郑小北问:“最近都忙什么呢?”
吴尽眉头又皱了起来,有些烦躁,想点烟,放在嘴里又没了兴致,只好又拿下来,有些索然无味道:“局里就那些事情,除了忙没什么乐趣,你们做律师的,跟检察院打交道还少吗,这些应该最清楚。”
郑小北:“还以为你能说点新鲜的。”
吴尽偏过头看向远处一片深夜,路边过去一辆车,打着双闪停下来,那光线有些刺眼,他转过脸来,不经意地开口:“李京宜她爸出了什么事你知道吗?”
郑小北猝不及防一怔。
吴尽眼神一沉:“别告诉我你不知道。”
郑小北笑了一声,其实这人很少笑,只是跟老陈走得近,大家来往稍微多一些,但这次单独两个人喝酒,还是第一次。除了今晚的事儿推到这,大概还有什么意思,彼此都心照不宣。
郑小北揶揄:“原来你是为了这个。”
吴尽被戳中心事,有些不自在,端起酒喝,抬眼看向别处,口是心非道:“这几年忙着工作,对那事儿没什么心思。”
郑小北忽然问:“那要是我追李京宜,你介意吗?”
吴尽动作一顿,把酒放在桌上,认真打量了一眼郑小北,神色慢慢淡漠下来,很久都没有说话,嘴唇抿紧了,眼神复杂,他在确定这句话是不是玩笑。

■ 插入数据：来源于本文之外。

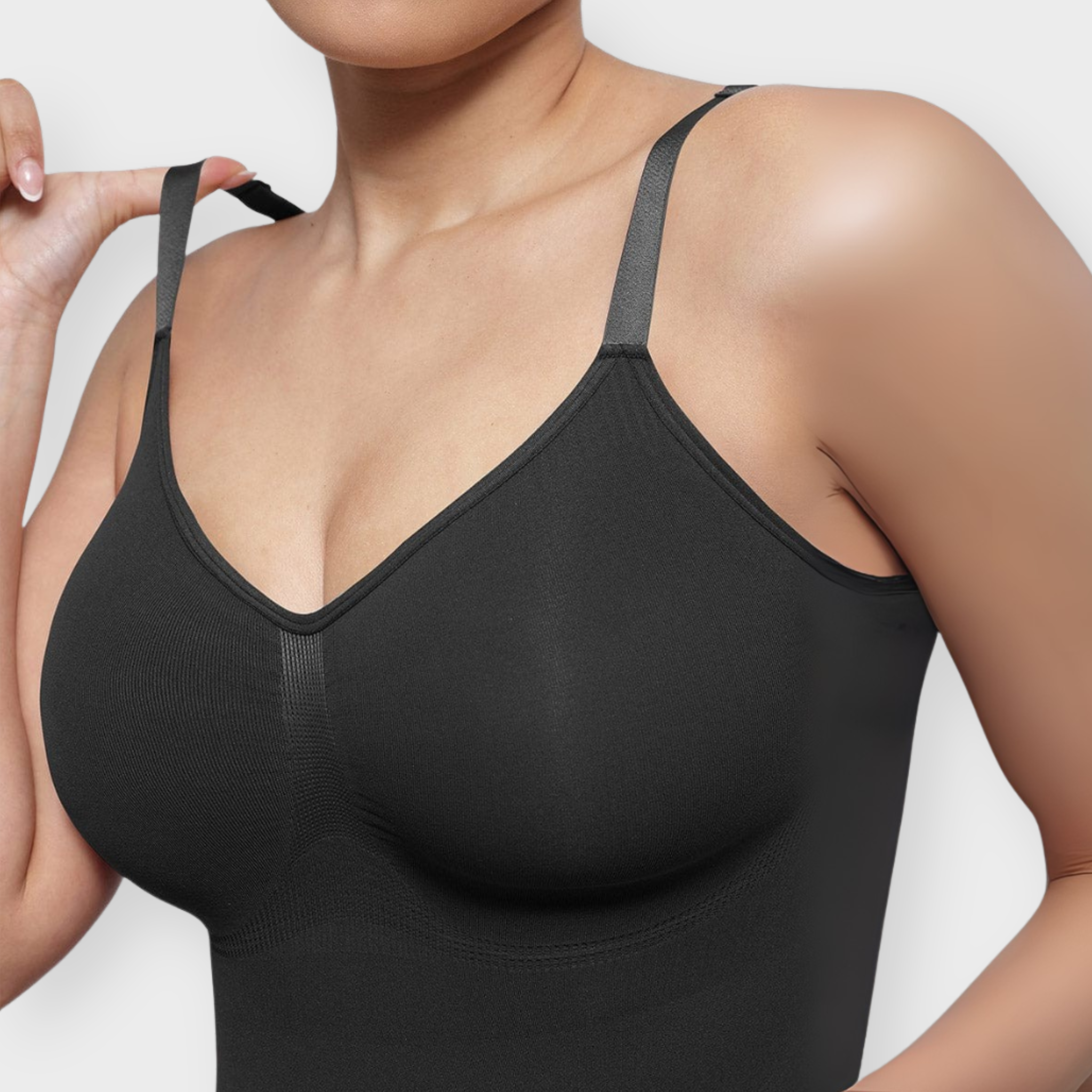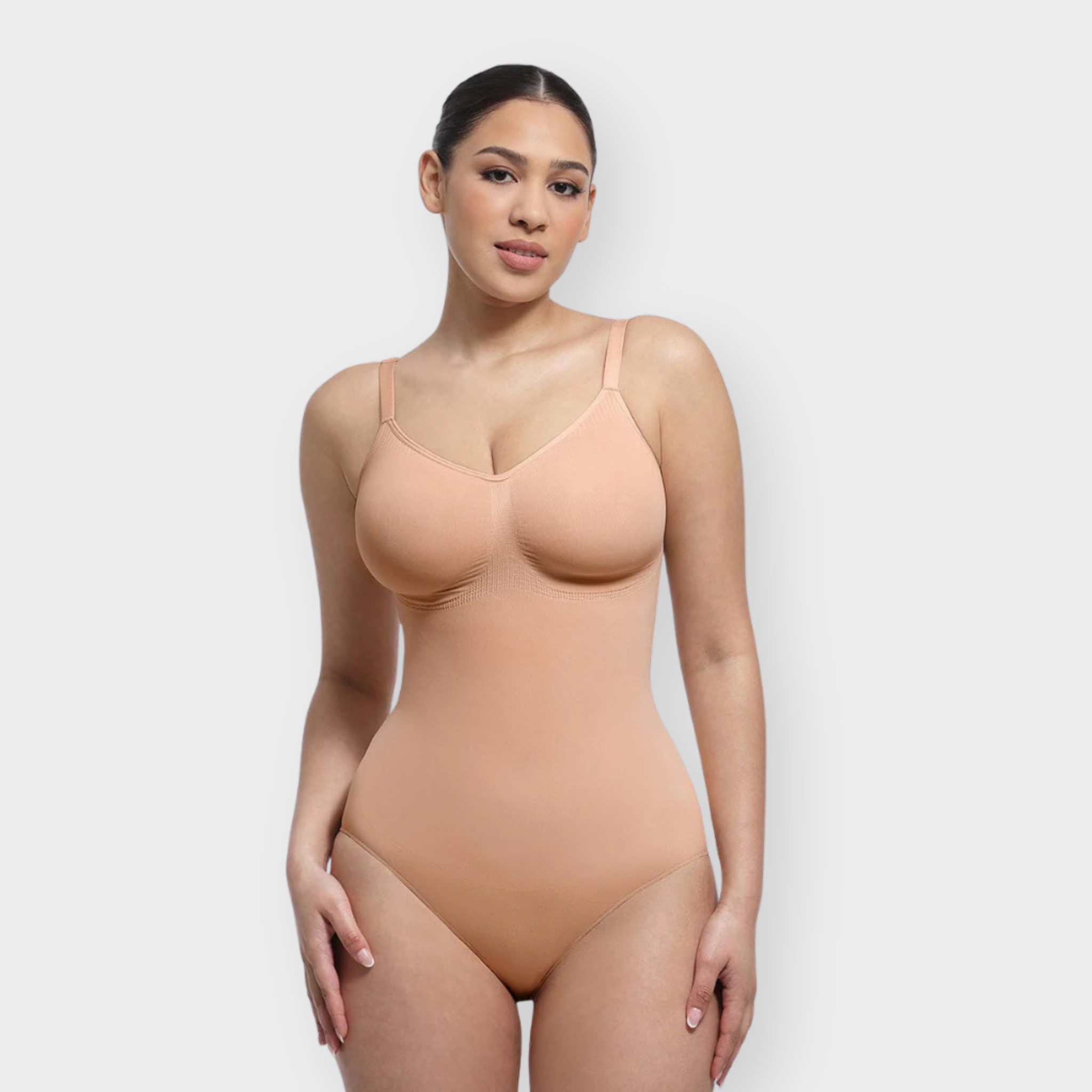 All-day shaping meets everyday ease. This seamless bodysuit is designed with a flattering ruched bust and underbust lift that naturally supports—no bra needed. High-elastic fabric smooths the waist and tummy without tightness, while adjustable straps and a snap crotch add convenience and comfort. With a breathable, skin-soft feel and versatile styling, it’s the perfect layer for lounging, traveling, or wearing on the go.

郑小北又笑了:“你们当初在一起的时候,我挺意外的,但也接受了。你这人性子狂妄自大,但是不得不承认,你对她真的挺好。”
李京宜性子软,但面上冷淡。
吴尽追了她很久,当初第一眼见了,感觉不是很强烈,但就是那双眼睛特别沉静,偏瘦,皮肤白皙,别人说什么都信,让人觉得很好骗。
有一次学校晚会,他靠在椅子上,无心逗弄了一句:“我酒精过敏,有些难受。”她当时只是定定看了他一会儿,就出去了。吴尽以为她不乐意和他说话,跑了。过了一会儿,她拎了一袋药回来。吴尽看着她,许久说不出话来。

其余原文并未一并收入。